Monday, January 7, 2013

Did Good Hitters Behind Jim Rice Prevent Him From Being Intentionally Walked?

Probably not. This is a follow up on a post I did a few years ago. See Was Jim Rice A Feared Hitter?

Someone on Twitter suggested that he had good hitters behind him that kept him from being intentionally walked. But it seems like his IBBs were pretty low for a slugger like him.

One thing I should check is if Rice came up with a man on 1st more than average. That would tend to lower IBBs.

But here is a brief analysis. It looks like Rice's best years were 77-79 and 83. The numbers below show the AVG-OBP-SLG of how the slot behind him did on the Red Sox for those years. Then I show it for the league average in those years. I don't think the differences are that great.

Red Sox

1977(5th) .274-.345-.486
1978(4th) .271-.358-.417
1979(5th) .283-.346-.474
1983(4th) .224-.260-.440

Look at how weak the hitters did behind Rice in 1983 and yet he had only 10 IBBs (tied for 9th). Singleton led with 19.
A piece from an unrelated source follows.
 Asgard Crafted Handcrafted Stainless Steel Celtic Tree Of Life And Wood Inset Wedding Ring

League Average for those slots, same years

1977(5th) .272-.337-.450
1978(4th) .271-.342-.440
1979(5th) .280-.349-.454
1983(4th) .280-.347-.460

Again, it does not look like Rice was followed by unusually good hitters compared to the league average.

In 1978, Ben Ogilvie had 10 IBBs and Rice had 7. Remmber, this was Rice's best year, with 46 HRs. The guys batting 6th on Milwaukee that year had AVG-OBP-SLG of .301-.359 -.448, far better than the guys behind Rice. Ogilvie batted mostly 5th that year and had 18 HRs and a .303 AVG. Rice hit 46 HRs with a .315 AVG. Rice had more impressive stats and weaker hitters behind him yet he had fewer IBBs. Carew actually led the league with 19.
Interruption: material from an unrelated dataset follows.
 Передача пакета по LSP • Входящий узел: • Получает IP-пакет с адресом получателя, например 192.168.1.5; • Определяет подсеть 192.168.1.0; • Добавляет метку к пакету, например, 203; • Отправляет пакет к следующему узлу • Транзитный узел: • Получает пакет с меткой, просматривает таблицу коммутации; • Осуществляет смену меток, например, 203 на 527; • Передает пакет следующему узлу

Here are the numbers on the percentage of time Rice came up with a man on 1st (but not 1st only), then followed by the league averages.

1977 31.1%
1978 30%
1979 36.3%
1983 40.8%

League average

1977 30.5%
1978 30.7%
1979 31%
1983 30.7%

So in two of these years, Rice was at the league average. That would not stop him from getting walked intentionally. The other years he did have a man blocking an IBB on 1st more than average. But again, in 1978 he had his best year, the guys behind him did not hit very well and he only had an average number of guys on 1st. Yet he had only 7 IBBs.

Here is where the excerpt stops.